A new book on the new love of labor in business

There is something strangely British about watching the government go to great lengths to rescue people close to fur. Like putting good biscuits before it’s the end of the Bailiff.
And so we have Sir Keir Keir Starmer – a man who occupied a natural place somewhere between the select committee hearings and the British business line at NO 10 about how Destring is “going on”.
Natwest, sage, Marks & Spencer, Taylor Wimpey, Octopus Energy … All the usual names find a famous door, like shy wedding guests full of ‘UN but they just buy a list gift because, well, it’s tradition. And what do they get for their trouble? A drink, a handshake, and a changed sight of Rachel Reves destroying her financial guillotine on November 26.
Because let’s be honest: Corporate Britain is not stupid. It can sniff out a tax return long before it hits. Businesses up and down the country have been placed under this budget since Reeves started last year, when he went with the employer’s insurance and the lowest salary would have heard the joint insurer of every paid director in the country. That budget, you’ll remember, was destroyed in about nine minutes by the medical dating work it has done in the post-Corbyn years – a form of political medicine designed to convince business leaders that yes, the party had changed; No, no one comes in their boats; Yes, they can come out from behind the couch.
Starmer’s reception This week was meant to be a happy gesture – a warm hug before the cold reality of a black hole locked in £30 billion of £30 billion was revealed. But the whole thing had the atmosphere of GP giving you lollipop moments before telling you they’re going to remove your leg “to be safe” just to be safe “.
What is said to be similar in thinking next will even Gordon Brown Blush. A deceptive promotion of income tax (because who needs promises, really?). A full-blown attack on limited liability partnerships (sorry, lawyers; sorry, accountants; most people won’t apologize at all). And, my personal favorite, the railer on salary pension schemes – those smart little businesses used to keep costs down without asking workers to start living on tinned tomatoes.
Therefore, the atmosphere in the room was not “Christmas in Libels”. It was “The annual meeting of people who know the Bill is coming but haven’t decided who pays”.
The tragedy here – and it is tragic, in the old British sense of foresight and yet somehow oppressive – is that each project had the business community on its side. In the heat of the moment, Starmer and Reeves were the stuff of sane people. Those that would not drive the economy to the right place on the ideological peg. Those who did not treat FTSE companies as enemies of the state. Those, we were told, “Understand how wealth is created”. (And then, three months later, he raised the tax on the people who built it.)
But credibility, like a good steak, is hard won and easily wasted. The Starmer government seems determined to drag it to death with a sharp pitchfork.
The Prime Minister’s biggest hope is that business leaders, desperate to be strong – are so desperate that they will swallow any number of tax increases as long as they are announced in full Fever sentences rather than meet with the federal Government. There is a real truth to this. Business likes to predict. Loves the greats. Likes lights to stay on when you press a button.

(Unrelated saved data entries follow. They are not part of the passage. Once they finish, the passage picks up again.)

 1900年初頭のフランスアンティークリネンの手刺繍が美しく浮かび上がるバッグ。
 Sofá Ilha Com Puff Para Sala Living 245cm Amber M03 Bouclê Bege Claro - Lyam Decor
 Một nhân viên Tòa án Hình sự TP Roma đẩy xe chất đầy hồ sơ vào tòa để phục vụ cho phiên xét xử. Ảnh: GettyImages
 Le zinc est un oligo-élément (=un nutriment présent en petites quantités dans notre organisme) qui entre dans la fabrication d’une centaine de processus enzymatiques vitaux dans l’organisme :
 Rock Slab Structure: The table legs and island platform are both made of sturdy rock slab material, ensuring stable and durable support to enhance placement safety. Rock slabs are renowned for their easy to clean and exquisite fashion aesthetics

But there is a limit to how much your “doing bits” can be told to do before they start thinking about the happiness of Dublin. Reeves’ recent speech, in which he firmly told all that “each of us must do a little for the security of our country and the light of our future”, he felt like being told to wash someone else’s dishes because “we are all family here”.

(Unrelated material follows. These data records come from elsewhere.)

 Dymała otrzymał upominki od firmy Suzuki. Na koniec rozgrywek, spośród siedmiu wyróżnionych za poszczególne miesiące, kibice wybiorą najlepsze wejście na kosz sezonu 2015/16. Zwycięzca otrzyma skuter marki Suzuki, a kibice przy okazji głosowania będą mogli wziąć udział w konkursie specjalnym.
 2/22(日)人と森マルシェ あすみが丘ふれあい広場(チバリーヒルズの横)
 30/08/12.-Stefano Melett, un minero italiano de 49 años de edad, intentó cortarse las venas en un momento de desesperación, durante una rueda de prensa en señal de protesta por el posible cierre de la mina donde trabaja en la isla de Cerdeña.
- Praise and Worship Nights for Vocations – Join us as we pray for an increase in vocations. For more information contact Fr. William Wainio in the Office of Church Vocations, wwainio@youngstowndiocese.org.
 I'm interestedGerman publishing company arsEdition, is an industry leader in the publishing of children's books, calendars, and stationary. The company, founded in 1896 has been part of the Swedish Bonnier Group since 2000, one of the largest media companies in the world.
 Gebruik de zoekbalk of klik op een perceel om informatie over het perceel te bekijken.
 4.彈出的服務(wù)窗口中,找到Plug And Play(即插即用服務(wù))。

The road below went down to comment on the guest list, naturally, which is Whitehall code for “Everyone involved is angry but no one wants to go first”. But I suspect that behind forced smiles and warm white wine, Britain’s top brass are quietly discussing how much the government is going to cost them – and whether anything will actually happen.
Because while Starmer may not believe that a few canapé-laden evenings can undo the damage, business leaders know better. Political trust is not rebuilt through concessions; It is also designed with a policy that does not change direction every time the wind blows across the parge yogada.
And unless Reeves pulls the economic rabbits into his red box later this month, the only thing coming out of the top 10 will be Britain.